So It Was Written . . .
by whiteray
Today’s reading from the Dead Air Scrolls comes from the Book of Onehit, Chapter One:
And in those days when AM Radio ruled the youth of the land of Usa, those young ones heard strange and wondrous sounds come from the speakers. Sundered into small tribes as they were, the youth of Usa listened carefully for their prophets, waiting to hear what wisdom they would send through the little speakers in their plastic appliances.
Messages of music came frequently to those who were members of the greater tribes, the tribes of Beatle and Dylan and Rolling Stone, the tribes of Who and Clapton and Chicago and Bee Gee, and also the tribes of the place called Motown, the Wonder and the Franklin and the Supreme Temptation. And those who heard these AM messages went to their temples and laid down their offerings, and they came away from the temples with their vinyl. And when they played it on their turning tables, lo, it rocked!
There were those whose messages were clearly heard but once. Those tribes were of lesser size, and though the members of those tribes listened intently to the first messages, many thereafter turned away. And soon no more messages were inscribed for those tribes in the Scroll of Top Forty. These were the tribes of Greenbaum, of Robin of the McNamaras, of Lemon Pipers and Blue Cheer, the tribes of Smith and Steam and Spiral Starecase, of Flying Machine and Bubble Puppy, of Jaggerz and Edison Lighthouse, of White Plains and Tee Set, the tribes of R. Dean Taylor and the Pipkins. And the world at large rejoiced at the silence of the Pipkins.
Many members of those tribes went to their temples and laid down their offerings for those first messages. They took home with them their vinyl, most of them wiser and taking only the smaller pieces of vinyl with the original message, the one that AM radio had already sent them. And lo, they ignored the flipside.
Others would commit the sin of over-enthusiasm, offering more at the temple for the larger pieces of vinyl, those with the original message set amid the horror. For when they laid those albums on the turning tables, lo, they sucked. And no one came to their parties evermore.
Those tribes dwindled, their members becoming more careworn and manic as the numbers around them decreased. They would utter pronouncements that were more and more ignored: “Crabby Appleton hath merit!” “Mock not the Ides of March!” “All hail Daddy Dewdrop!”
And the vinyl turned, and AM radio sent them no more messages.
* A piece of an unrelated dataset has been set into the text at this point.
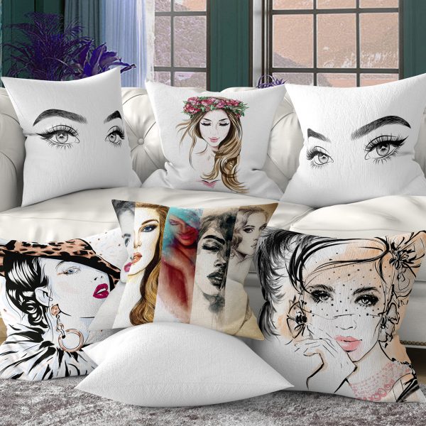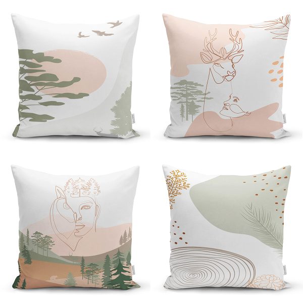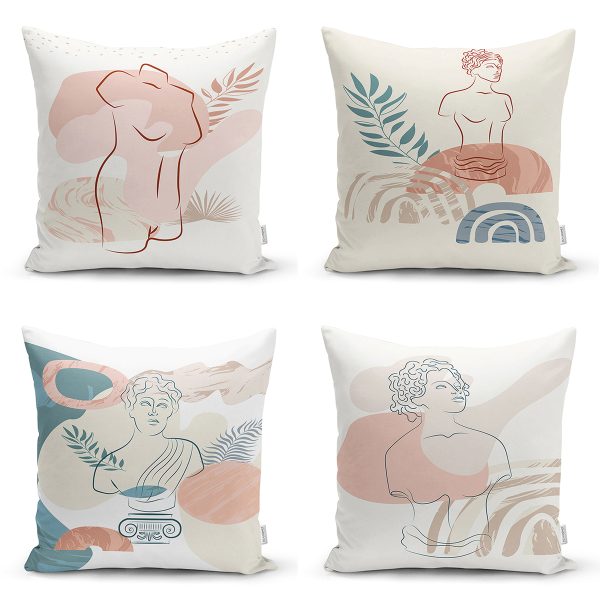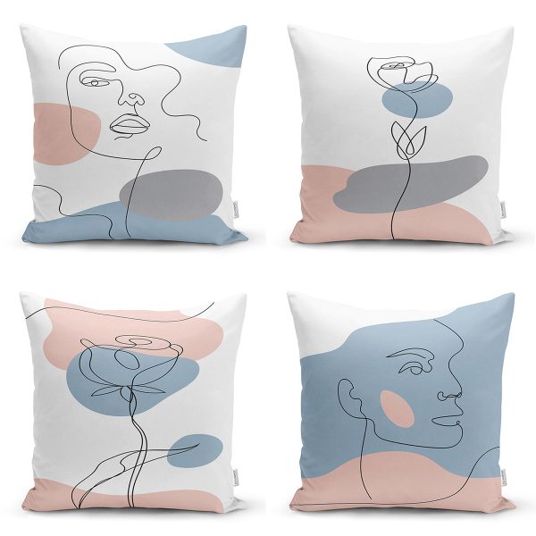 4’lü Renkli Zemin Üzerinde Onedraw Çizimli Bayan Silüeti Modern Yastık Kırlent Kılıf Seti

Many of them turned from their leaders, who had fallen silent. They sought new leaders, and lo, some of them heard from Climax. And some heard from Sailcat. And some from Miguel of the Rios. And they learned not and would not change their ways.
When the end of their days came, their boxes of vinyl were filled with album after album of Onehit amid the horror, and those boxes went into exile at the thrift stores. Some in later days would avidly seek those Onehit messages and would gain them for small offerings. They would place them on their turning tables, and only those who liked irony would come to their parties.
And some would come to notice in those later days that there had been messages of import amid the dross of Mouth & MacNeal and Skylark and Bullet, of Apollo 100 and Coven and Ocean, of Tin Tin and Bloodrock and Cymarron and Christie. “Wonders,” they called them. And so prospered the cult of Onehit. They sought the odd, the curious, the truly strange and even the profane, so long as it was the only celebrated message from one tribe. Among the treasured remnants on vinyl was the work of Teegarden and Van Winkle of Westbound, whose message of “God, Love and Rock & Roll” had been heard by its adherents in the long-ago autumn of 1970 (reaching something described as No. 22 in the Scroll of Billboard).
Long years later, as no other of their tribal messages had been celebrated enough to be in the Scroll of Top Forty, Teegarden and Van Winkle of Westbound were among those whose names were celebrated by the cult of Ohehit.
And the world at large still rejoiced at the silence of the Pipkins.
Hear now, all of you, the message of “God, Love and Rock & Roll” by Teegarden and Van Winkle of Westbound. It was inscribed in the Scroll of Top Forty in the autumn of 1970. And in years to come it would bring them to the attention of the cult of Onehit, whose parties must be odd indeed.